Le tribunal de district du Massachusetts aux États-Unis (États-Unis) a partiellement accueilli et partiellement rejeté la requête d’Urbx visant à rejeter l’action en contrefaçon de brevet d’Attabotic.

Une grande partie du différend porte sur la langue et la description des brevets.

La plainte initiale d’Attabotics alléguait qu’Urbx avait et continue d’enfreindre deux brevets détenus par Attabotics, en « fabriquant, important, utilisant, vendant et/ou proposant de vendre aux États-Unis un système robotique de stockage et de récupération incarnant [Attabotics’] invention brevetée.

Attabotics, une société de chaîne d’approvisionnement en robotique 3D, a publié un communiqué de presse affirmant que le tribunal avait rejeté la requête d’Urbx visant à rejeter l’affaire de contrefaçon de brevet.

Cela permettrait au litige en contrefaçon de brevet d’Attabotics contre Urbx de se poursuivre.
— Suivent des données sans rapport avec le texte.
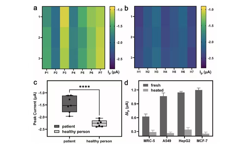 中国科学院苏州生物医学工程技术研究所前期研制了一种基于摩擦纳米发电机的传感器,利用CRISPR/Cas信号放大技术进行FEN1的高灵敏检测。为进一步降低检测成本,提升传感器便捷性,团队近期开发了一种新型的均相电化学方法,制备出电极片(SPE),确保了反应的稳定进行和信号的可靠读出。通过检测SPE反应池中的电化学信号,可实现对FEN1的超灵敏分析,检测限低至0.0114mU。该蛋白质检测方法同时表现出优异的选择性,成功地应用于抑制剂、细胞样品和临床样品的分析,有望为生物医学研究、临床诊断和药物筛选应用提供便捷快速的传感平台。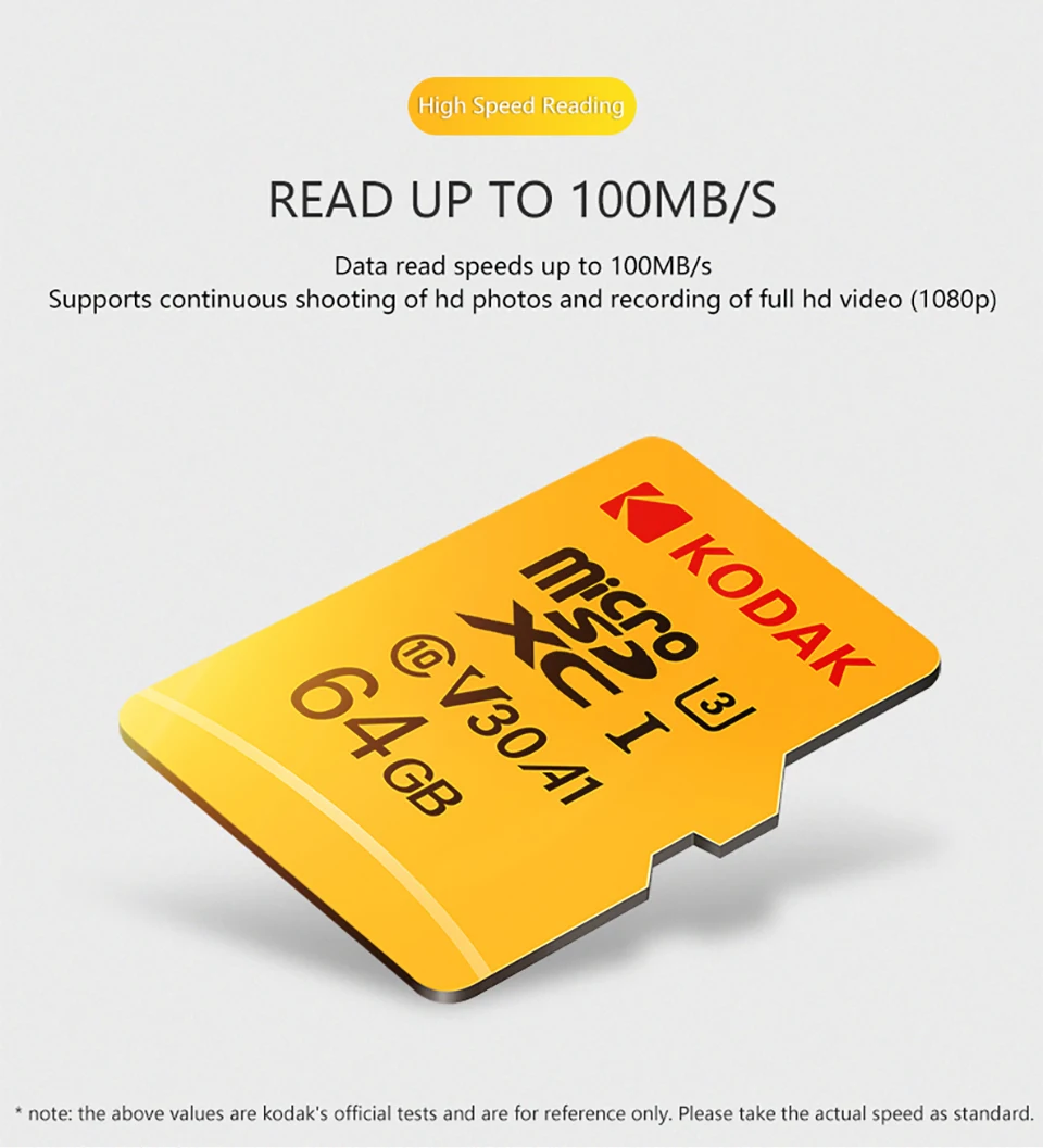 Карта памяти Kodak подходит для смартфонов, профессиональных камер, hd камер, планшетных компьютеров, совместимых устройств с tf-картами, таких как dash CAM, GPS, оборудование для мониторинга, БПЛА и ТВ-стерео.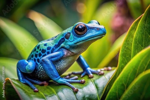 Vibrant green and blue dart frog perches on a leaf in a lush, misty tropical rainforest, its bright eyes fixed on the surrounding vegetation.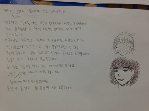 - 우선 A4용지를 한장씩 나눠준 다음 자신의 얼굴을 최대한 상세하게 “글”로 설명하게 한다.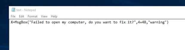 X = MsgBox ("Error al abrir mi ordenador, ¿quieres arreglarlo?", 4 + 48, "ADVERTENCIA")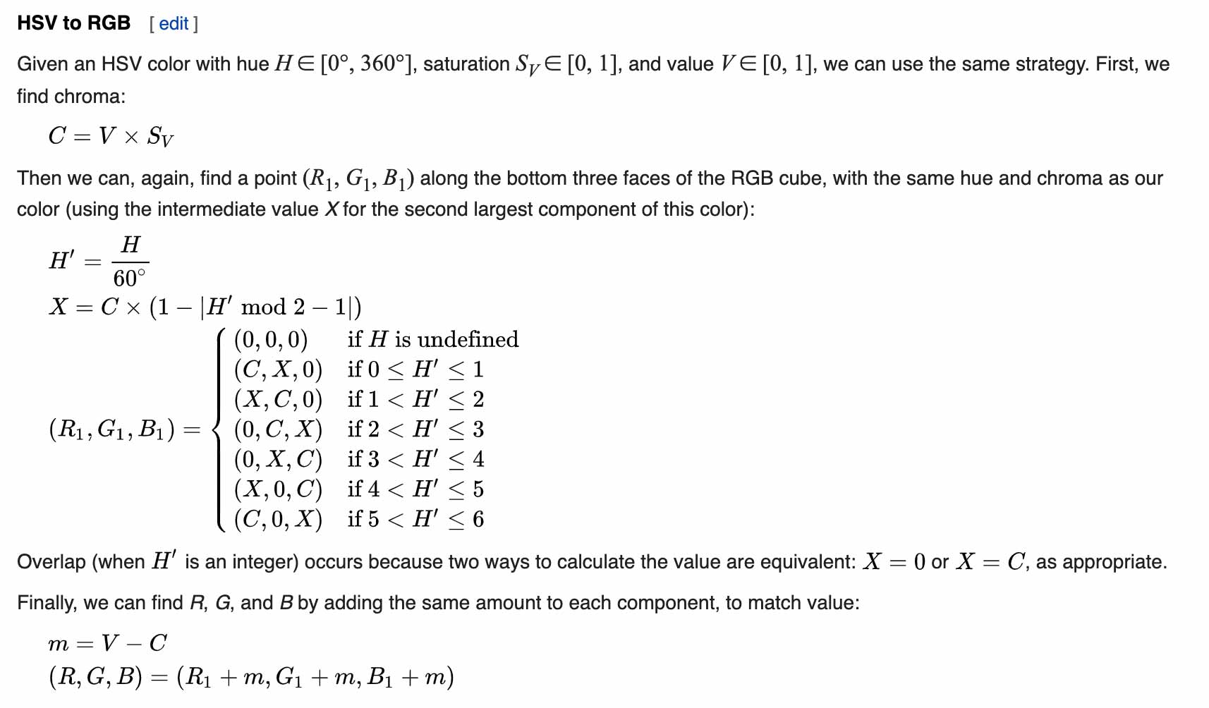 So I originally just thought to use RGB because that's all I knew to use. Turns out RGB isn't ideal for what I'm trying to do. The video above is what my neopixels look like when I use code rooted in RBG. I researched this and started learn more about other color models and color spaces here. I then decided to try out HSL or HSV. HSL (hue, saturation, lightness) and HSV (hue, saturation, value, also known as HSB or hue, saturation, brightness) are alternative representations of the RGB color model. Turned out the best information I could find was on this Wikipedia page.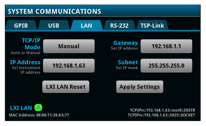 b) Configuring the DAQ6510 Local Area Network Communications Settings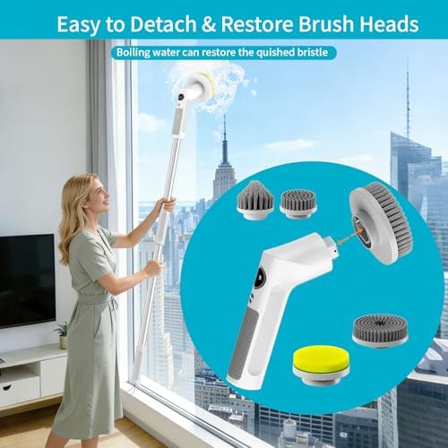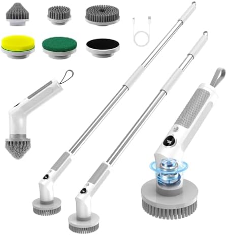 【6-in-1 Versatility – Save Time & Effort】The Bathtub Floor Scrubber comes with 6 replaceable heads (big flat/small flat/pointed/sponge/cloth/velcro pad) that can be removed separately for cleaning. It is widely used for bathrooms, bathtubs, grills, walls, windows, dishes, sinks, corners, gaps, floors, glass, tiles, car wheels, interiors, kitchens, furniture, and stoves.

Cependant, la décision du tribunal montre que la juge du tribunal de district des États-Unis, Allison Burroughs, a statué que sur le premier brevet en question, une partie de la demande d’Attabotic avait été rejetée, tout en permettant à une partie de poursuivre la construction de la revendication.

Urbx et Attabotics opèrent tous deux dans l’espace de traitement automatisé et visent à aider à combler l’écart de livraison du dernier kilomètre en remplaçant les rangées et les allées des centres de traitement traditionnels par des robots et des structures plus hautes et plus condensées qui exploitent l’espace de stockage vertical.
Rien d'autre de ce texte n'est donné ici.